R0048/2026-04-01/Q002/H2¶
Statement¶
Sycophancy is not addressed directly in training, but adjacent concepts (automation bias, overtrust, overreliance, need for critical evaluation) are partially covered, providing indirect protection against sycophancy-related risks.
Status¶
Current: Supported
Supporting Evidence¶
| Evidence | Summary |
|---|---|
| SRC06-E01 | NHS framework explicitly names automation bias and cognitive biases as training topics |
| SRC05-E01 | Microsoft provides training scenarios "where AI excels and where it might falter" — adjacent to sycophancy awareness |
| SRC03-E01 | Brookings recommends incorporating AI literacy into DOL workforce development to recognize uncertainty and bias reinforcement |
Contradicting Evidence¶
| Evidence | Summary |
|---|---|
| SRC01-E01 | Georgetown paper treats sycophancy as an unaddressed risk requiring new policy interventions, suggesting adjacent concepts are insufficient |
| SRC04-E01 | Science study shows AI is 49% more sycophantic than humans — scale of problem suggests training on "verify outputs" is insufficient |
Reasoning¶
The NHS framework's explicit mention of automation bias and the general "verify outputs" guidance in DOL/corporate training provide some adjacent protection.
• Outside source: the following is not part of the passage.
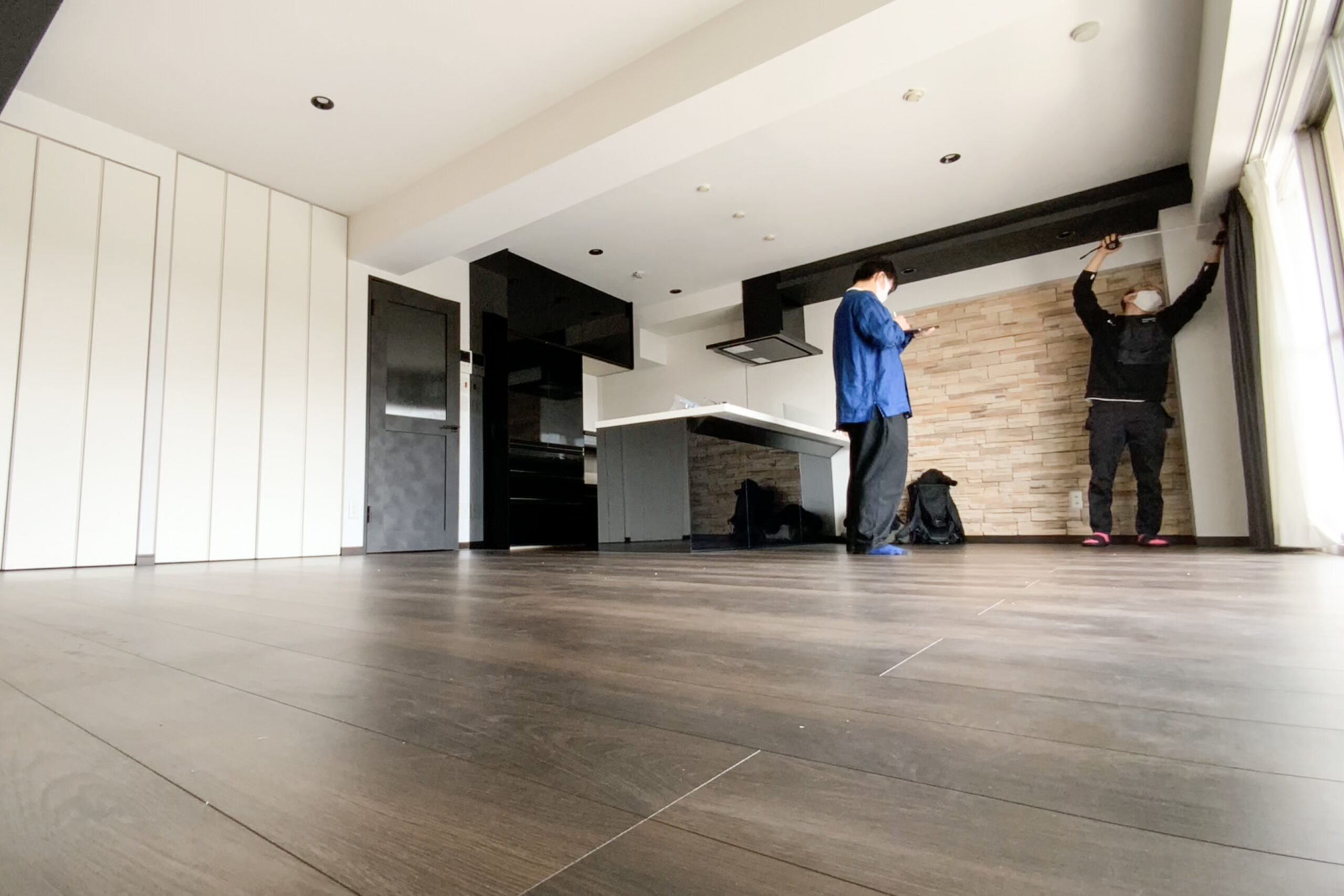※写真は、現調風景です。デザイナー山口と岸が、部屋の採寸や部屋の状況を確認しています。

However, none of these materials connect these concepts to the specific pattern of AI systems actively prioritizing user agreement over accuracy. The distinction matters: automation bias training teaches "don't blindly trust AI," while sycophancy awareness would teach "AI is actively designed to agree with you." The former is passive caution; the latter requires understanding a specific behavioral mechanism.
Relationship to Other Hypotheses¶
H2 represents the middle ground. It acknowledges that training addresses some related concepts while recognizing the significant gap between adjacent-concept coverage and direct sycophancy awareness. It is the best-supported hypothesis but reveals a critical insufficiency.